Florida reinstatement under Fla. Stat. § 605.0715 costs a flat $100 plus the delinquent annual report fees, and Florida is unusual in that reinstatement relates back to the date of dissolution (no gap in entity existence). California reinstatement of an FTB-suspended LLC requires filing all delinquent Statements of Information, paying the $20 per missed filing plus the $250 penalty per year, and paying all back $800 franchise taxes plus their own penalty and interest. The FTB issues a certificate of revivor under Cal. Rev. & Tax. Code § 23305b once the tax ledger is clean. Texas reinstatement after charter forfeiture under § 171.313 requires filing all delinquent reports, paying back tax and penalties, and filing an Application for Reinstatement with the Secretary of State along with a Tax Clearance Letter from the Comptroller.

None of this is fatal. All of it is expensive, and the bill scales non-linearly with time, because every state's interest clock compounds independently.

Where the 2019 rules catch people who were fine in 2016

Three changes worth naming, because each of them has quietly moved the failure mode since we wrote the 2017 piece.

The first is that economic-nexus registration is now routine. Before Wayfair, a company with a ten-person Delaware LLC sold into all fifty states and was registered in maybe two of them. After Wayfair, the same company is registered in ten or twelve.

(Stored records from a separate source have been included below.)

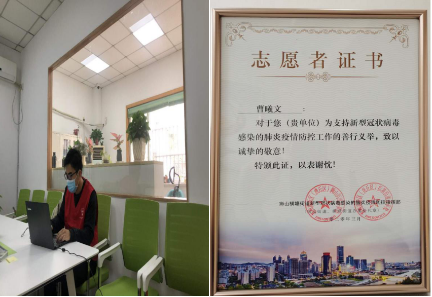曹曦文同学说道:“得知疫情的严重性后,我也没有多想,只是觉得对小区环境熟悉了解,在社区工作站工作,可以帮助到更多的人。相比那些奔赴前线的优秀青年志愿者们,我做得很微不足道。而作为一名老员工,一名党员,应该像那些志愿者们学习,在祖国最需要的时刻,为抗疫工作贡献上自己的力量,利用自己专业所学对社区数据进行统计、整理和分析,做一些实实在在的事情。工作期间是充实的,也收获了满满的感动,当得到社区居民真诚的感谢时,我内心那种帮助他人解决困难的喜悦是难以言表的,感觉自己是真切的被大家所需要,真正的实现了自己的人生价值。”
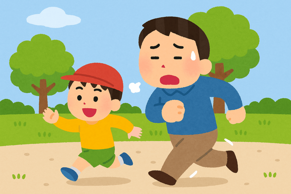 保育園に通う子どもが1人いて、週末は公園で鬼ごっこをしています。
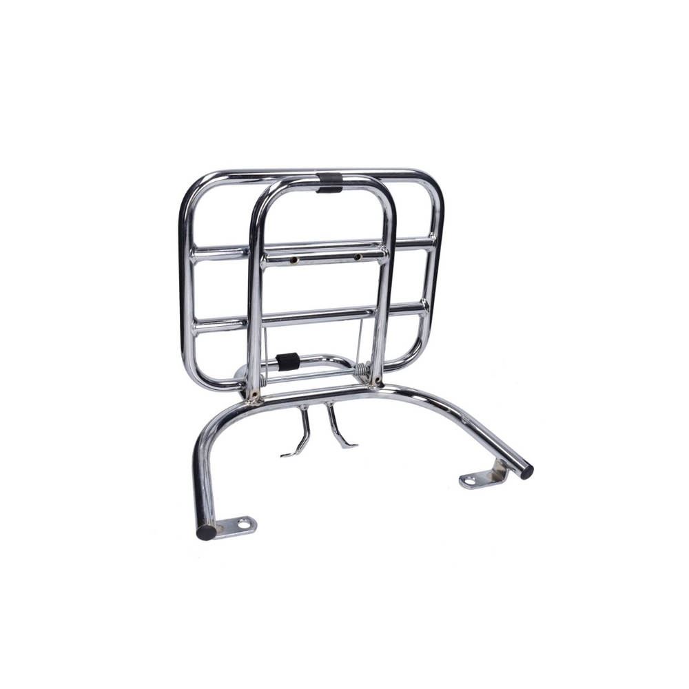 Verbeter de functionaliteit van je BTC Riva of AGM VX50 scooter met onze opklapbare chrome achterdrager. Deze hoogwaardige drager biedt niet alleen extra bagageruimte, maar ook een stijlvolle uitstraling. Perfect passend en duurzaam, deze achterdrager maakt jouw scooter klaar voor elke rit. Bestel vandaag nog voor meer gemak en een verbeterde rijervaring!

Each of those foreign qualifications has its own annual filing and its own penalty schedule, and the compliance surface is no longer one SOS; it is ten, plus ten departments of revenue, plus the home state.

The second is that state cross-referencing has improved. California's SOS and FTB have been actively matching records since 2018. Delaware's Division of Corporations tightened its good-standing workflow that same year. Florida's Sunbiz has cross-agency data flows with the Department of Revenue. The trick of quietly paying late and hoping nobody notices works less well than it did.

The third is that M&A diligence looks further back. A 2019 data room will pull good-standing certificates from every state the target is qualified in, and diligence counsel will check the dates. A three-year gap in Ohio or Illinois that nobody ever paid attention to becomes a closing-condition discussion when the acquirer's law firm flags it. The fix is still cheap in absolute dollars; the negotiating cost, and the cost of a delayed close, is not.

Rule of thumb

File the delinquent return first, pay what the state invoices second, pull a fresh good-standing certificate third, and run the same check across every state you registered in for sales tax after Wayfair by the end of the week. If the home state has already cancelled the entity, revive before touching anything else; every foreign qualification downstream is void until the parent is alive again, and fifteen downstream registrations cost fifteen times what two used to.